I think we got a phone call to "advise us" we got our mortgage through a broker, so didn't have a local branch we were dealing with.  They insist we wrote to them unsolicited, but I keep scans of all correspondence inbound & electronic versions of all correspondence outbound & I haven't got it.  I asked them three times for a copy of the letter & they haven't sent it yet.


----------



## Bronte (3 Aug 2015)

AAM did they 'write' to you and state that it was you who initially wrote to them? It's telling you asked them three times with what response?

Which years did you ask?


----------



## AAM_User (3 Aug 2015)

It was last year that I asked them Bronte (when we discovered about all this).  They haven't written anything in relation to us writing to them.  I recall (loosely) getting a phone call about it, but I can't find any documentation agreeing to a new rate either...  We broke out 4-6 weeks before our fixed expired.  I find it all extremely suspect.


----------



## Bronte (3 Aug 2015)

Maybe your solicitor received the new rate letter.  But you MUST have signing something and you are entitled to the documenation under the Data protection code.


----------



## Win_Maya (3 Aug 2015)

Our mortgage was fixed at 5.65% until August 2010. When we asked to break the contract on the fixed rate in Jan 2009, we where surprised to find out that by paying 1300 only we can come out of the contract which we happily did and came on cheaper SVR. 
Our online account shows our current interest rate is down to 1.15% from 4.35%. Still awaiting the letter from PTSB. On reviewing the contract it states that at the end of our fixed rate contract in August 2010, we would have been switched to tracker rate with 1.10%+ ECB Rate.


----------



## Kelmcc (3 Aug 2015)

I was contacted by my broker February 09 and told that Ptsb had told him rates were dropping and anyone who were fixed should break out of them. I took the advice and broke our of a 5 yr fixed rate on 9th February without paying the fee. My mortgage was drawn down in October 2006.  I was told there was no tracker option available to us. 
Since that I've been paying SVR and have been totally unaware of people contesting with PTSB. I am part of the redress plan and I'm totally fuming what they have done. The cheek of them giving a rate of 3.25+ no way am I going to accept this after them conning people out of a cheaper tracker rate. Bring on the fight!


----------



## Bronte (3 Aug 2015)

g) mortgage brokers were contacted by PTSB to inform them that rates were dropping
- who contacted the brokers
- was it in writing
- why contact the broker, do they normally do this
- were brokers told fixed rates could be broken with zero penalty

Kelmcc other than the time the broker contacted you have you since the original mortgage ever had contact with him.  I find it did as I would have assumed the broker has nothing to do with you once you got your original mortgage.  Did you fix via him?

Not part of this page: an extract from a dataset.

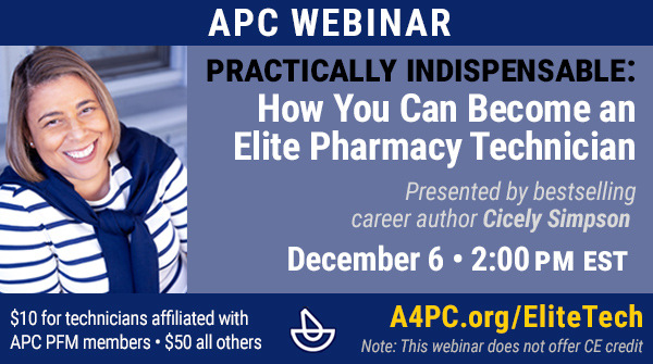 Join us on December 6 at 2pm ET for Practically Indispensable: How You Can Become an Elite Pharmacy Technician. Presenter Cicely Simpson will share tips and techniques you can employ to grow your influence, enhance your value to your pharmacy team, and turn that “just a technician” job into a rewarding career.

Why would he bother to contact you, what's in it for him?


----------



## matan (3 Aug 2015)

Hi bronte. I phoned our branch in jan 2009 to see how much penalty it would be to break fixed, we were 5% fixed. Was told there was no penalty we were just to send in a FAX stating we wanted to go on variable rate which we did because at the time my husband was not working. We were not given any options or advice. Following our fax we never received any correspondence from PTSB acknowledging receipt of our fax, no letter, follow up call nothing! Its not until 2010 i pulled out my letter of offer and saw we should have reverted to tracker not variable.


----------



## Kelmcc (3 Aug 2015)

I was friendly with the broker and he thought he was doing me a favour to be honest. I don't think there was a hidden agenda with him. He would have been in contact with Ptsb on a daily basis and because they were dropping he contacted me. I had to pay no fee, I do recall paying a fee on another mortgage but this was waived.


----------



## Wardy7 (3 Aug 2015)

I remember hearing about it and then ringing to find out. I think I phoned them maybe 3 times to have them confirm the no breakage fee, purely because I was gobsmacked and just couldn't wrap my head around it!

Each time I called, I felt I must be speaking to some whipper snapper who wasn't giving me the correct info!

It's January 09 rates I want now and not the April 10 one that they've given me!


----------



## fuzzy10 (3 Aug 2015)

We enquired about breaking from our fixed rate mortgage in Jan 09 after reading about other customers successfully switching to an svr.
When we rang PTSB, we were advised that it wasn't possible to switch. 
I wrote to the bank enquiring why I could not avail of this option..
PTSB wrote to me saying " in Jan09, there was a hold on breaking fixed rate mortgages pending an investigation of switching fees."
I was than advised that it would cost 12k to breakout.

I believe they deliberately targeted people who had trackers stated in their contracts (I did not).


----------



## Bronte (4 Aug 2015)

So poster Fuzzy had no tracker and was refused a 'no penalty' break from his fix. 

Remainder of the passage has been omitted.